**Goal of the exercise**
Could you transcribe exactly the lines below, from the line with "Glaskaraffen Ripple är" through the line with "Brother DS-620 —", and nothing else, leaving out the pictures?

──────── Data in this exercise

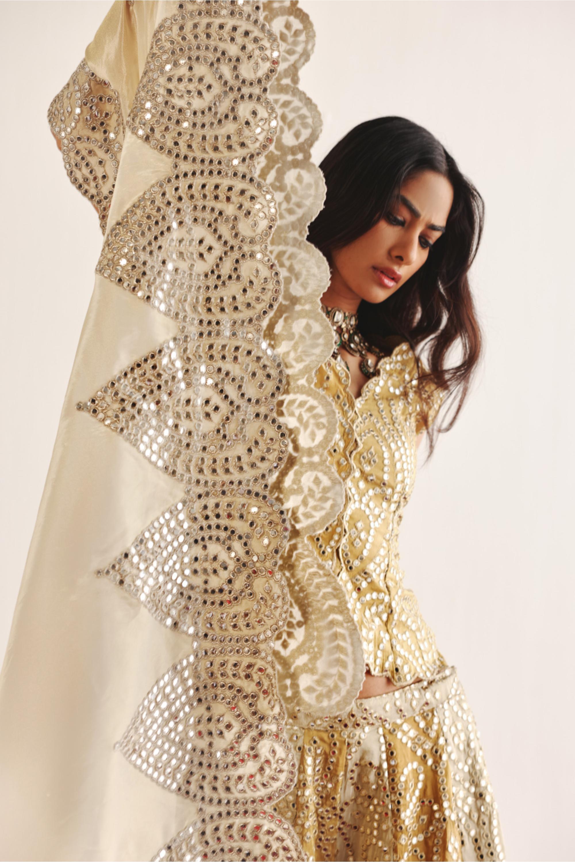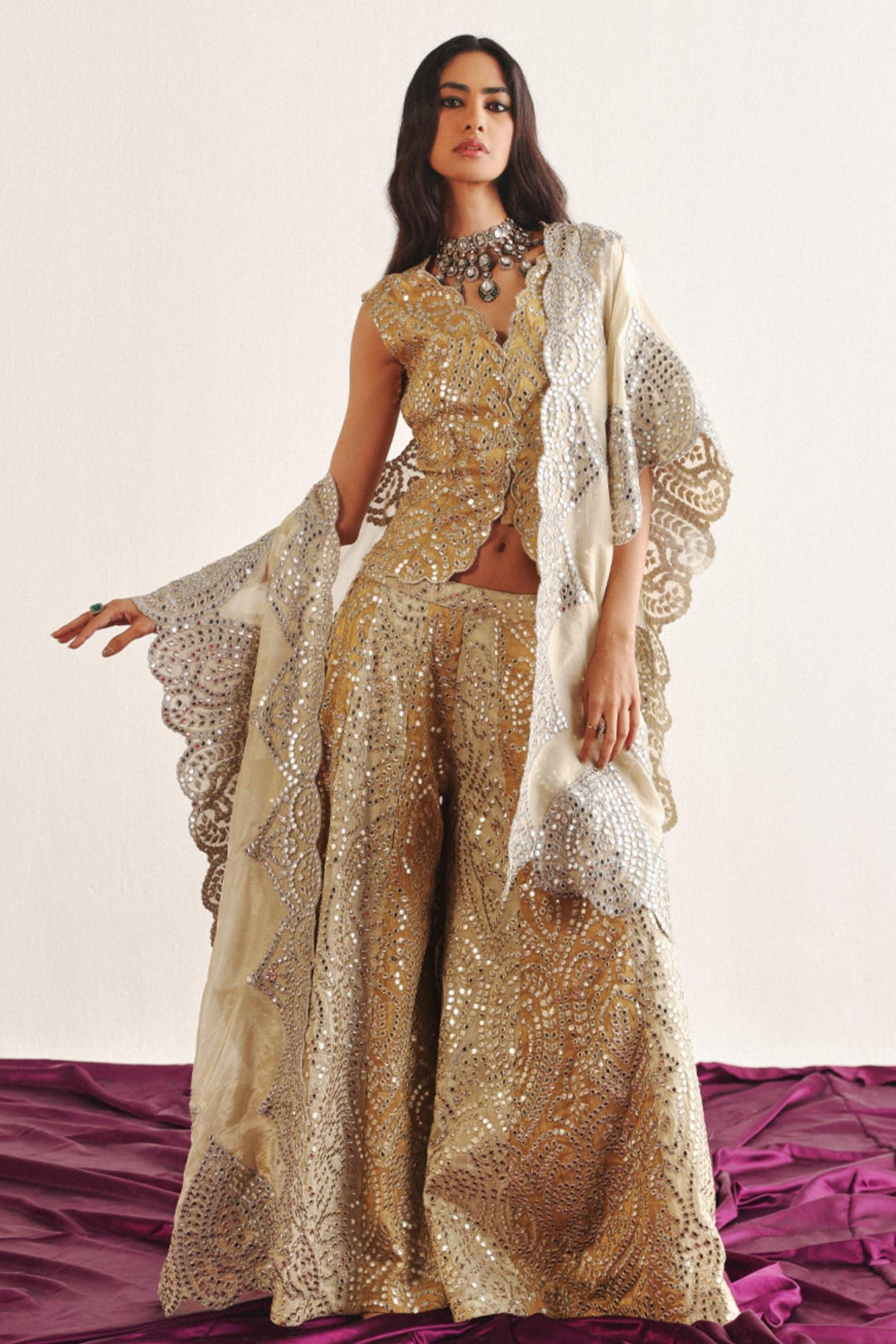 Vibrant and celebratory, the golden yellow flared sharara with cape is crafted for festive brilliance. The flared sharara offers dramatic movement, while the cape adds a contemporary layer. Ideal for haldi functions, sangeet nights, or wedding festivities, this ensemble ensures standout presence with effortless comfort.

────────────────
──────── Data in this exercise

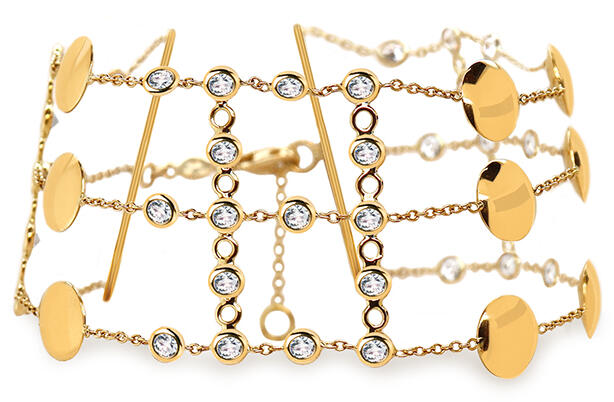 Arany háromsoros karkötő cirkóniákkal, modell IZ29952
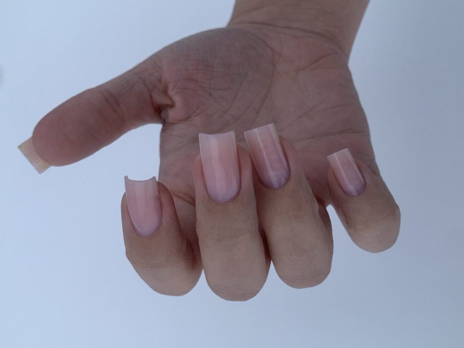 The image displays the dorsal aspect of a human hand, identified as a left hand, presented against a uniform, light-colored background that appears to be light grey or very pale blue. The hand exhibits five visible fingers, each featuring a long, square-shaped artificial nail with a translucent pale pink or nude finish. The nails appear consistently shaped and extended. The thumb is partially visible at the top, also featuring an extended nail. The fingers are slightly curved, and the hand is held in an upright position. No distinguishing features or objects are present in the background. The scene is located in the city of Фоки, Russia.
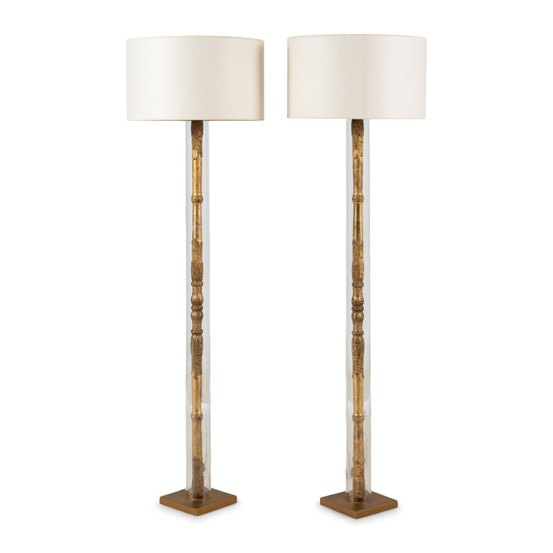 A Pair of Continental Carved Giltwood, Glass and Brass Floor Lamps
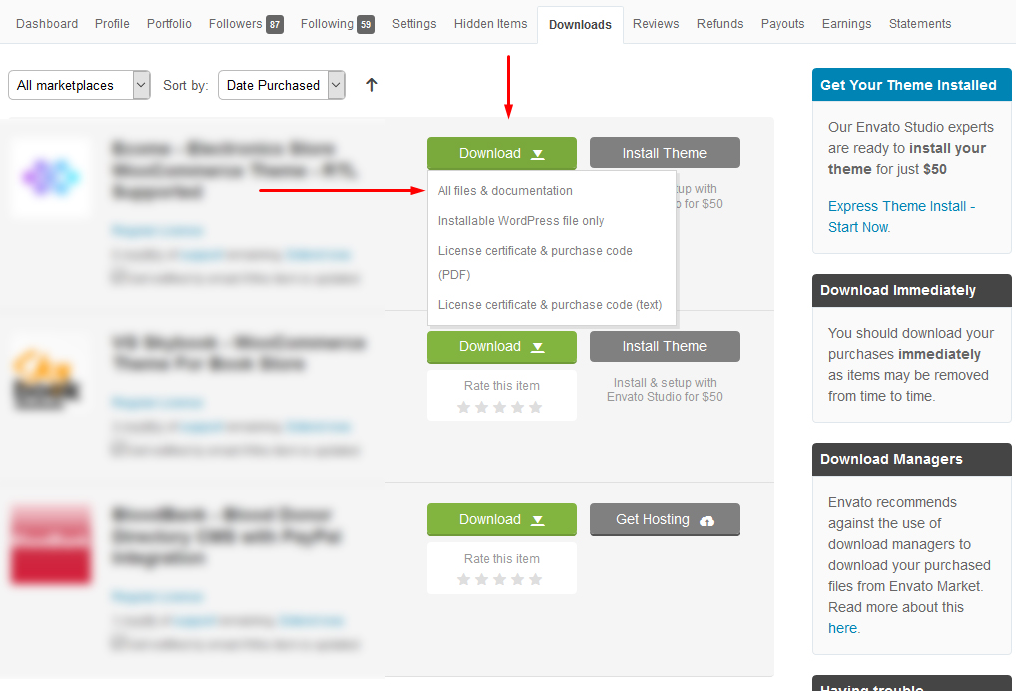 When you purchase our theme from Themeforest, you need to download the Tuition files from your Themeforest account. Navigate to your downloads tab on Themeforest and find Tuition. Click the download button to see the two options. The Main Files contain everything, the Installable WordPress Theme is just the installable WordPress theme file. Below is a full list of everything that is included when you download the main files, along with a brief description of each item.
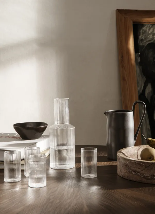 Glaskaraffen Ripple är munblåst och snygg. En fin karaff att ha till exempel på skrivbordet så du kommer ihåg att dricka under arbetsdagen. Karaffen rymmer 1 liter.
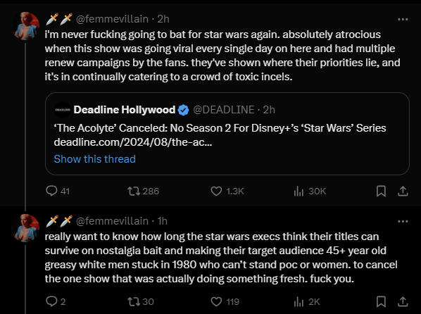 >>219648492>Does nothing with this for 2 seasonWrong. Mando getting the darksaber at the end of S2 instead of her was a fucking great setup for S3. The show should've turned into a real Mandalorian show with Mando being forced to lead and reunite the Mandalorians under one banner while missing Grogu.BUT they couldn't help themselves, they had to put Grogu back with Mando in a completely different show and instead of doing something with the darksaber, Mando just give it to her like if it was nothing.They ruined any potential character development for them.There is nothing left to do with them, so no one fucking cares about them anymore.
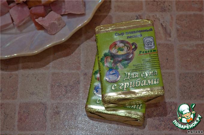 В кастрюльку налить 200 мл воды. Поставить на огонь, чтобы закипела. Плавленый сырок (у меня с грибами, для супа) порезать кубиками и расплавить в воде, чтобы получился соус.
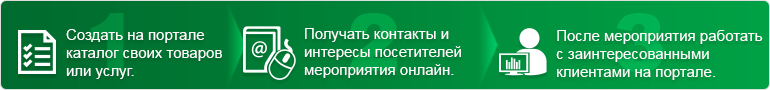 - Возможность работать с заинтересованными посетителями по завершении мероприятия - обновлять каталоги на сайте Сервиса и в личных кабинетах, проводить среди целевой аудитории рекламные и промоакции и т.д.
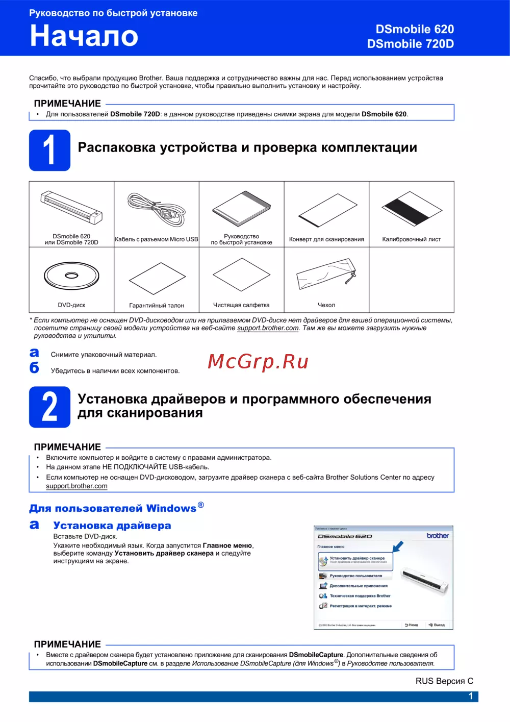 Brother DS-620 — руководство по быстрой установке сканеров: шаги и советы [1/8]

────────────────

**Output for this exercise**
 Glaskaraffen Ripple är munblåst och snygg. En fin karaff att ha till exempel på skrivbordet så du kommer ihåg att dricka under arbetsdagen. Karaffen rymmer 1 liter.
 >>219648492>Does nothing with this for 2 seasonWrong. Mando getting the darksaber at the end of S2 instead of her was a fucking great setup for S3. The show should've turned into a real Mandalorian show with Mando being forced to lead and reunite the Mandalorians under one banner while missing Grogu.BUT they couldn't help themselves, they had to put Grogu back with Mando in a completely different show and instead of doing something with the darksaber, Mando just give it to her like if it was nothing.They ruined any potential character development for them.There is nothing left to do with them, so no one fucking cares about them anymore.
 В кастрюльку налить 200 мл воды. Поставить на огонь, чтобы закипела. Плавленый сырок (у меня с грибами, для супа) порезать кубиками и расплавить в воде, чтобы получился соус.
 - Возможность работать с заинтересованными посетителями по завершении мероприятия - обновлять каталоги на сайте Сервиса и в личных кабинетах, проводить среди целевой аудитории рекламные и промоакции и т.д.
 Brother DS-620 — руководство по быстрой установке сканеров: шаги и советы [1/8]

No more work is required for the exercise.